İlk devletlerde herkes eşit haklara sahip değildi. Toplum, sınıflara ayrılmıştı. Kral ve ailesi, soylular, din adamları geniş haklara sahipken, halkın hakları ise sınırlıydı. Bu durum, Yeni Çağ'a kadar bu şekilde devam etmiştir.
Kurulan ilk devletlerde insanları haklara eşit sahip olmaması, beraberinde mücadeleyi de getirmiştir. Yüzyıllarca süren bu mücadele, ilk olarak İngiltere'de başarıya ulaşmış ve ilk kez kralın etkileri sınırlanmıştır.(1215 / Magna Carta Özgürlük Bildirgesi).

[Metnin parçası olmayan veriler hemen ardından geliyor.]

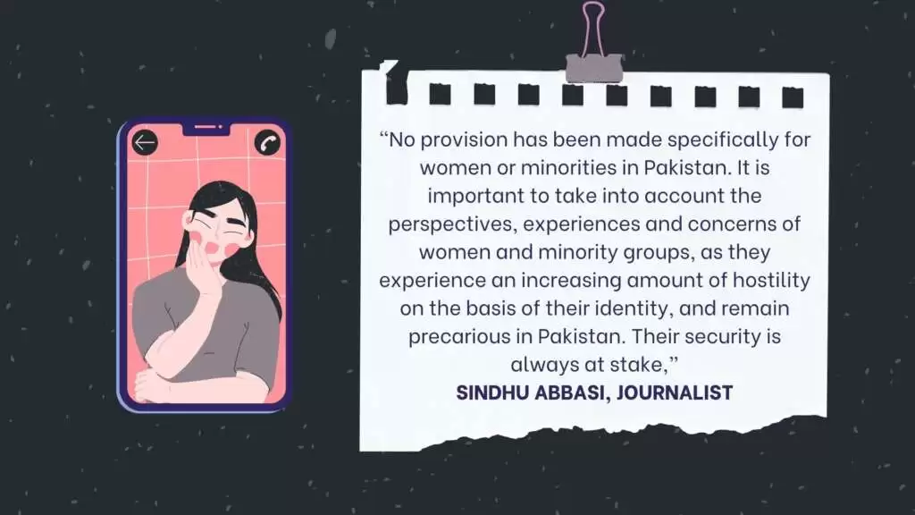 Like RSF and the FN, Sindhu also points out that the Act does not provide quotas for ensuring diversity in the Commission. “No provision has been made specifically for women or minorities in Pakistan. It is important to take into account the perspectives, experiences and concerns of women and minority groups, as they experience an increasing amount of hostility on the basis of their identity, and remain precarious in Pakistan. Their security is always at stake,” she adds.

Yeni Çağ'da İnsan Hakları Düşüncesinin Gelişimi
İnsan hakları düşüncesinin gelişiminde ilk ciddi başarılara 17. ve 18. yüzyıllarda ulaşılmıştır. O dönemde bu düşünceye en büyük katkıyı "doğal hukuk" düşüncesi diye bilinen akım sağlamıştır. Doğal hukukçulara göre; "insanın doğuştan kazandığı haklar ve özgürlükler vardı. Bunlar sınırlanamaz, engellenemez, baskı altında tutulamazdı. "Doğal Hukuk Akımı'nın en önemli temsilcileri, T.Hobs ve J.J.Russo'dur.
Tarihsel süreçte, insan hakları düşüncesi adım adım geliştirilmiştir. Bu gelişmeler özetle şu şekildedir:
*1689 İngiltere Haklar Bildirgesi
*1776 Amerikan Bağımsızlık Bildirgesi
*1789 Fransız İnsan ve Yurttaş Hakları Beyannamesi
Bunlardan sonuncusu olan Fransız İnsan ve Yurttaş Hakları Beyannamesi, diğer ikisine göre daha geniş kapsamlıdır. Sadece Fransızlar için değil, herkes için geçerli hakları ilan etmiştir.
Bu haklardan en önemlileri şunlardır;
*Bütün insanlar özgür doğar ve eşit haklara sahiptir.
*Devlet, temel hakları ve özgürlükleri korumak zorundadır.
*Kanunlar önünde tüm insanlar eşittir.

Yeni Çağ'ın sonlarına doğru, yaşama hakkı, özel yaşamın gizliliği, sağlık hakkı, eğitim hakkı, düşünce, kanaat ve ifade özgürlüğü, din ve vicdan özgürlüğü gibi "birinci kuşak haklar" da denilen hak ve özgürlükler belirlenmiştir.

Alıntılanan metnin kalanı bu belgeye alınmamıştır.